Examples of Device Drivers:Other drivers

If you have a Lotus/Intel/Microsoft EMS board or AST EEMS board, you will 
need to load a device driver to access this extended memory.  Often the 
command will require various parameters to specify the amount of memory being 
set aside and various items like the region of conventional memory used for 
swapping and the port number to use.  Be warned if you are setting up a 
CONFIG.SYS file for the first time that you may already have a CONFIG.SYS
file which was made for you when you installed the EMS software that came 
with your board.  Since this likely has the correct parameters, you should 
make your own CONFIG.SYS file by starting with this one and continuing from 
there.  It is possible that you will need to load the EMS driver before 
anything else.   I can report that if I try to load FANSI-CONSOLE on my AT 
before the EMS driver that Intel supplies with my Above Board AT, the EMS 
driver refuses to load and gives me the error message that my machine is
"not a close enough AT compatible"!  Also be warned that while there is an 
EMS "standard", this refers to the way EMS works once the driver that comes 
with your board is installed.  More likely than not, drivers from different 
companies are incompatible and if you need a second EMS board, it will have 
to come from the company that supplied your first (this warning does not 
apply to extended memory on the AT but only to expanded EMS memory).

Some older hard disks are not self booting and require a device driver loaded 
in your CONFIG.SYS but that is not so common any more.  DOS 3.2 has a program 
called DRIVER.SYS which is a device driver to initialize external 3.5 inch 
drives if you have one on an XT or AT.  By far the most common drive device 
driver is to operate a RAM disk, that is a segment of RAM set aside as a fast
virtual disk.  There are com files loaded after the CONFIG.SYS which set up 
such drives but generally it is more sensible to use a device driver for this.  
DOS 3.x comes with a program VDISK.SYS to set up a RAM disk.  This disk can 
operate in conventional or AT extended memory.  It will not set up a RAM disk 
in EMS memory but most EMS boards come with device drivers to set up RAM disks 
in EMS.  In addition Microsoft WINDOWS comes with a RAM disk device driver 
(which can be run independently of WINDOWS) and which can be set up in 
conventional, AT extended or EMS memory.  Given Microsoft's experience and the 
care they have lavished on WINDOWS, I'd recommend using the WINDOWS RAM disk 
driver if you have it in preference to alternatives and, in particular to 
VDISK which also comes from Microsoft.  However, if you are loading other 
programs that use AT extended memory, you may want to stick with VDISK
because the specification that IBM uses to access AT extended memory is 
published while that of Microsoft is not and so other programs may clobber 
the Window's RAM DISK driver.  If you want to set up more than one RAM disk, 
you can include more than one line loading a RAM disk driver in your 
CONFIG.SYS file.  You can normally load the same driver twice or use different 
driver if you prefer.  Be warned that there is typically a few K overhead in
conventional memory to load a RAM disk and you will pay this overhead more 
than once if you load more than one RAM disk.

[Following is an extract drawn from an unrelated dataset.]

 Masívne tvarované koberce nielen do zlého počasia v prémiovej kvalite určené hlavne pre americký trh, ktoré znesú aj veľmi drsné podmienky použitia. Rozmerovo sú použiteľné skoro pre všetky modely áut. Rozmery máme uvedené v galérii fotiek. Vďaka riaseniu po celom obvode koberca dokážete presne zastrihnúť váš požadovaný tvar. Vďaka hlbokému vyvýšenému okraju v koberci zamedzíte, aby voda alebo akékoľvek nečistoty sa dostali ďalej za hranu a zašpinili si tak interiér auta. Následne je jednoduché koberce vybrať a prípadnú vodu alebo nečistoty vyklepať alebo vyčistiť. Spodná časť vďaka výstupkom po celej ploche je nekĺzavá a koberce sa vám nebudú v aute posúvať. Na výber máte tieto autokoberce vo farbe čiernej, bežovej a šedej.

Print spoolers set aside some memory to receive printer output and then send 
that output to your printer as a background process.  I regard them as a 
tremendous productivity tool.  While there exist print spoolers loading as com 
files, many are loaded as device drivers.

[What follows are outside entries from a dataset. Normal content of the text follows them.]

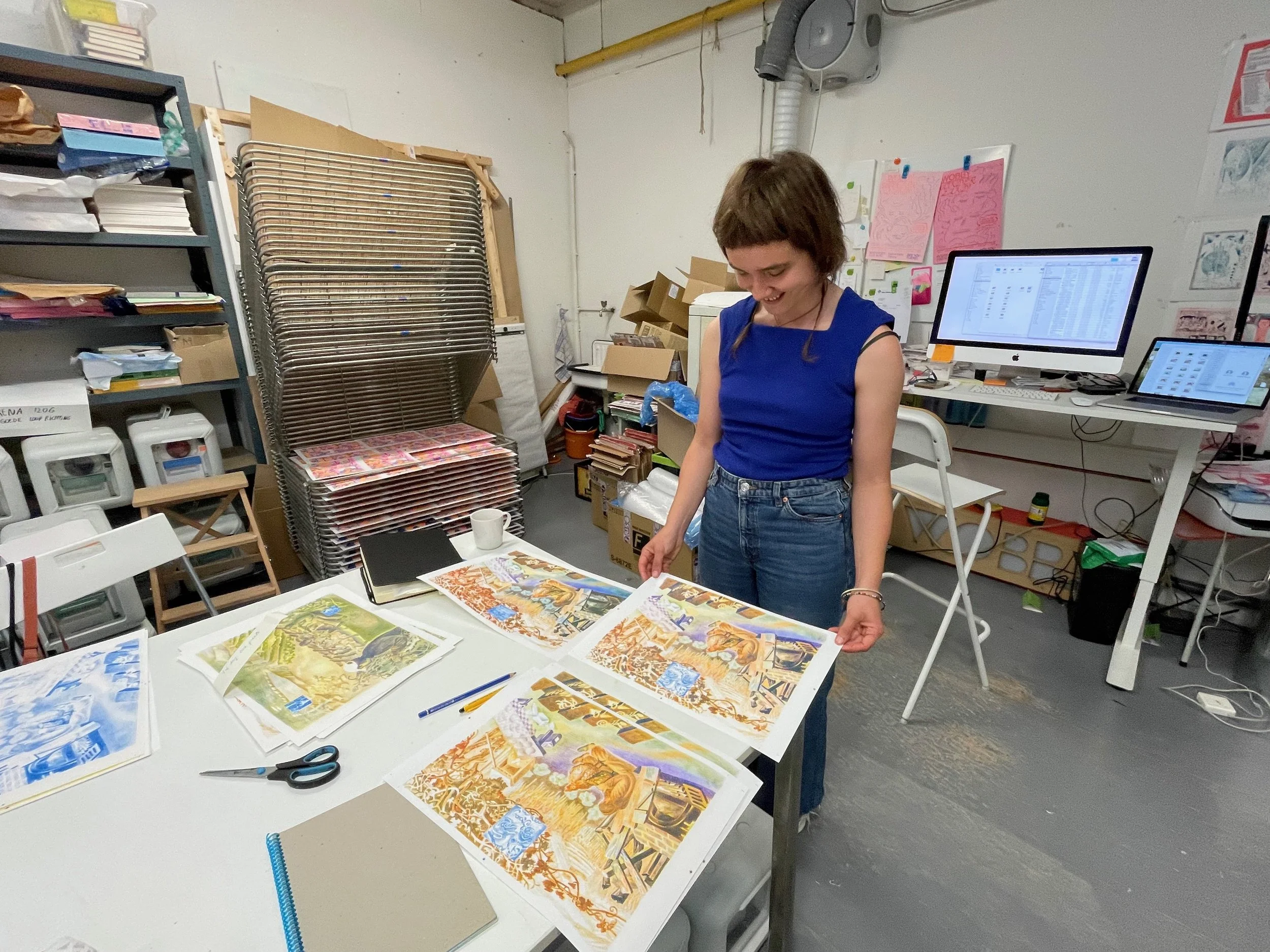 Wobby Workout is a work period at our studio in NS16, Tilburg. In this focused setting, artists can explore and experiment with the Risograph printer, developing new ideas and techniques independently. In the summer of 2025, multimedia artist Marina Sulima (born in Moldova, living in the Netherlands) joined us for a residency. During her time in the studio, she explored how drawing and printing could merge, treating the Risograph as an extension of her practice.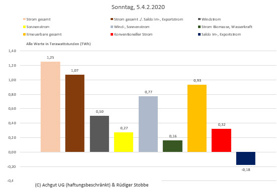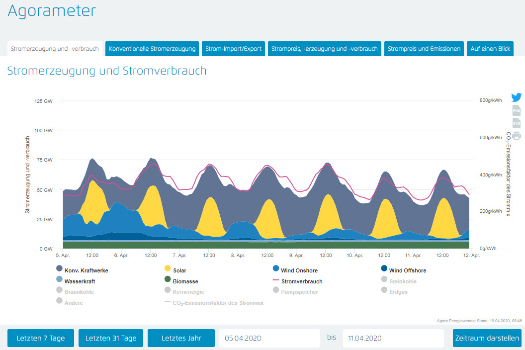 Sonntag, 5.4.2020: Anteil erneuerbare Energieträger an der Gesamtstromerzeugung 74,40%, davon Windstrom 40%, Sonnenstrom 21,60%, Strom Biomasse/Wasserkraft 12,8%. Die Agora-Chartmatrix: Hier klicken.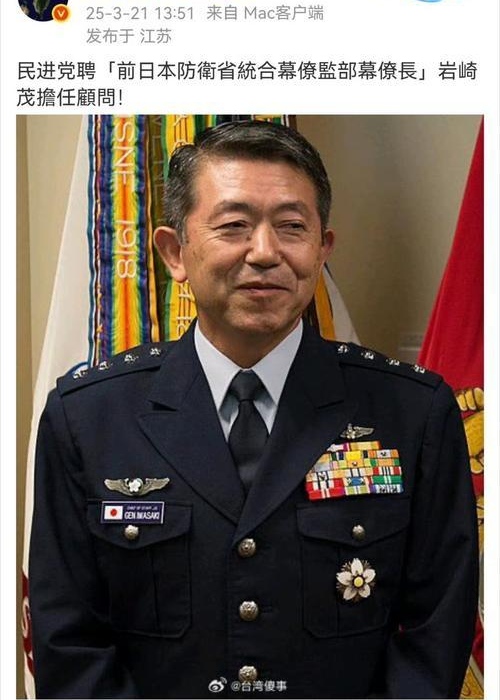 巖崎茂何許人也?出生于1953年2月3日,1971年從巖手縣立盛岡第三高等學(xué)??既敕佬l(wèi)大學(xué),1975年畢業(yè)后入職航空自衛(wèi)隊(duì),歷任航空總隊(duì)司令官、航空幕僚長(zhǎng)、統(tǒng)合幕僚長(zhǎng),2025年3月,72歲的巖崎茂接受臺(tái)當(dāng)局邀請(qǐng),擔(dān)任所謂的“行政院政務(wù)顧問(wèn)”,指導(dǎo)偽臺(tái)軍的軍備建設(shè)與作戰(zhàn)訓(xùn)練。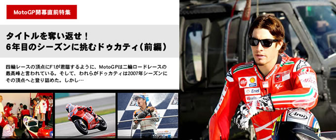 昨年の9月28日、ツインリンクもてぎで行われたMotoGP第15戦日本GP。シーズンを通して圧倒的な速さと安定感を発揮した宿敵フィアット・ヤマハとバレンティーノ・ロッシが、我々の目の前でドゥカティ・マールボロとケーシー・ストーナーのタイトルを奪い去った一戦…。あれから半年が過ぎ、来る4月12日に決勝レースが行われるカタールGPを皮切りに、いよいよドゥカティのMotoGP参戦6年目のシーズンが開幕しようとしている。果して、今シーズンのドゥカティはタイトルを奪還できるのか。今回の特集では、チャンピオンシップの行方を占う上で非常に重要な、ドゥカティ・チームのプレシーズンの活動を振り返ってみることにしよう。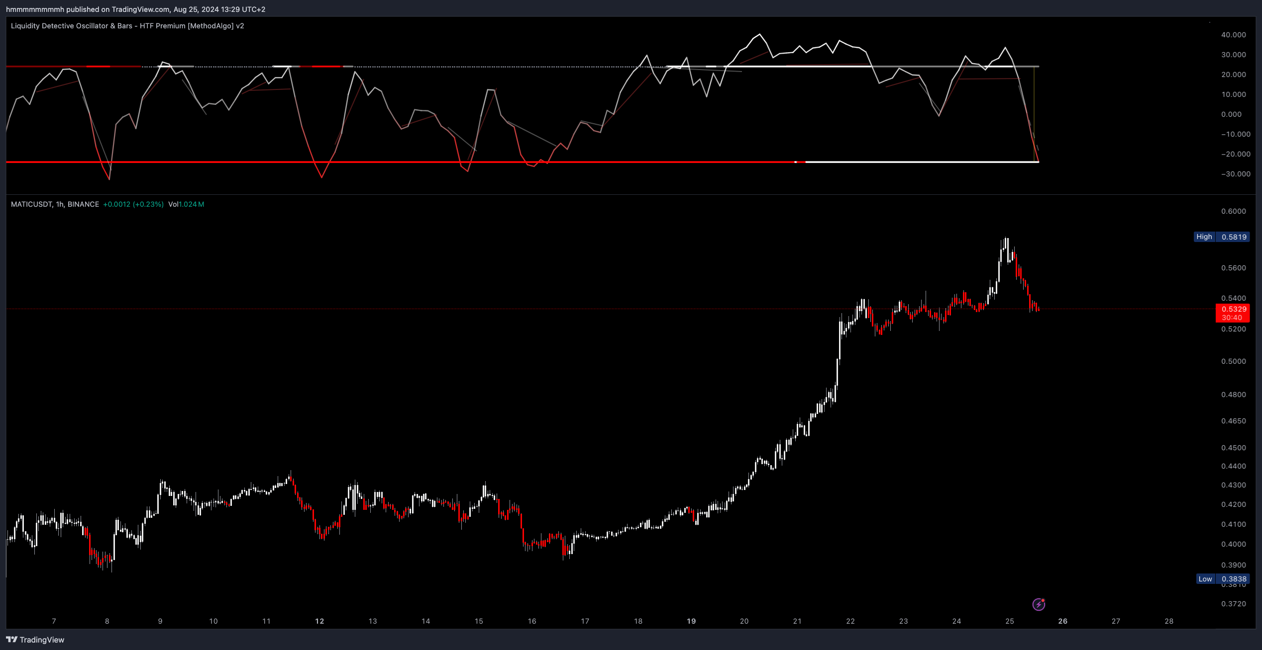 下图示例展示了,流动性侦探的趋势线与超能战队指标的趋势线相同

The Microsoft Mouse requires software to install it so your system will 
recognize the mouse.  The mouse comes with two versions of this software: 
MOUSE.SYS which is loaded as a device driver in your CONFIG.SYS and MOUSE.COM 
which is loaded later, typically in your AUTOEXEC.BAT.  I do not believe 
there is any particular reason to prefer one over the other.  Microsoft 
recommends using the device driver on all systems but the 3270 machines.  If 
you are using Software Carousel, you'll want to use the com file in various 
partitions rather than the device driver.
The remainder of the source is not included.